Peppers perform best in well-drained soil that contains plenty of organic matter and adequate phosphorous and calcium. Mulching plants with poly, paper, or natural materials will ensure consistent moisture throughout the root zone.

For earliest harvest, start seeds indoors 6-8 weeks before the last frost. Sow seeds 1/4" deep in well moistened, sterile seed-starting mix. The ideal temperature for pepper seed germination is 85 degrees. For best results, place a grower's heat mat beneath trays until germination has occurred. Under ideal conditions, germination should occur in 10-14 days. Super hot chiles can take up to a month to germinate. Be sure to keep the soil moist, but not soggy, until germination has occurred. Placing a plastic dome over the trays will eliminate a need for frequent watering during the germination period.

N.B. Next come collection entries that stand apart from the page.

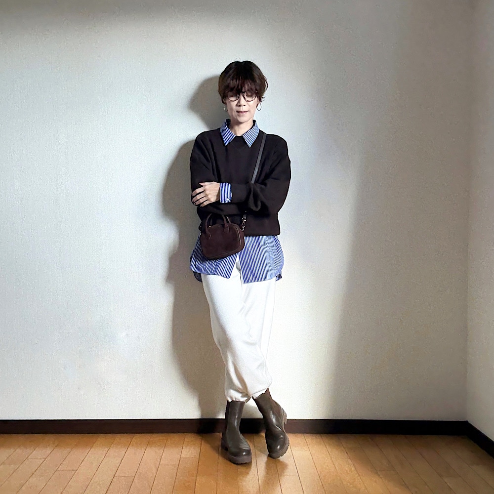 セーターの丈をあえて短丈にし、レイヤード感を強調。ボトムスはニットジョガーパンツ×ブーツでカジュアルダウンさせてみました。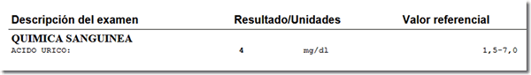 Utilizando el mismo ejemplo del ácido úrico quedaría de la siguiente manera: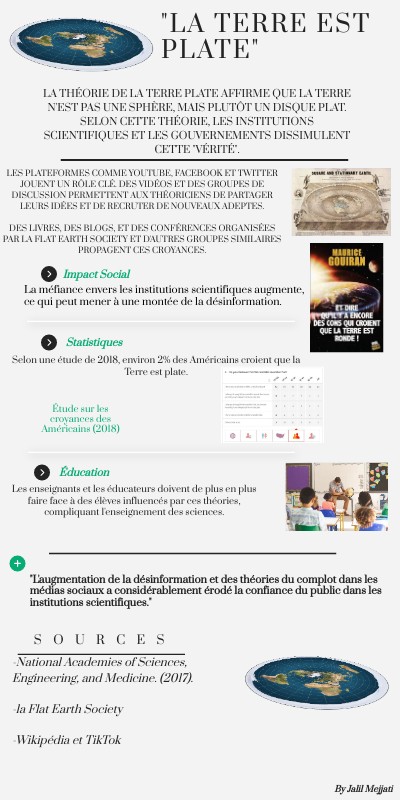 La théorie de la Terre plate affirme que la Terre n'est pas une sphère, mais plutôt un disque plat. Selon cette théorie, les institutions scientifiques et les gouvernements dissimulent cette "vérité".

After danger of frost has passed, set transplants 18-24" apart in rows 24-36" apart. Ensure that plants receive 1-2" of water per week. Avoid over-application of nitrogen as this can cause vegetative growth at the expense of fruit set.

Insect Pests

Biological controls such as Bacillus thuringiensis can be effective in controlling climbing cutworms. Aphids, flea beetles, and other hard-shelled insects can be controlled with an insecticidal soap solution.

Diseases & Other Problems

To prevent common pepper diseases like Phytopthora and bacterial spot, avoid watering plants at night or on cool, cloudy days. Excess nitrogen and/or insufficient phosphorous can cause pepper plants to become bushy and produce few blossoms.

Peppers can be harvested at any time but should be picked before they become soft or overly mature. Harvesting regularly will encourage further fruit set. Peppers can be stored in the refrigerator for 4 to 5 days. Alternatively, they can be dried by hanging them or placing them on a screen or basket in a warm, well-ventilated location until completely dry.

CONSIDERATIONS:

Select disease-free plants that are true-to-type. Pepper plants are prone to cross pollination by bees, so precautions should be taken to prevent pollination by insects. Covering plants with mosquito netting is an effective method to protect against pollen contamination.

HARVESTING SEED:

Harvest mature, disease-free fruit that have developed their final color. Cut open fruit and use a gloved hand to remove the seed. Dry on a coffee filter or paper towel. Store in an airtight container until ready to use.

Note: We have noticed that pepper juice can leach through gloves. It is wise to double up if you are processing a large number of peppers or superhot chiles.

SEED LONGETIVITY:

Pepper seeds will remain viable for three years when stored under ideal conditions.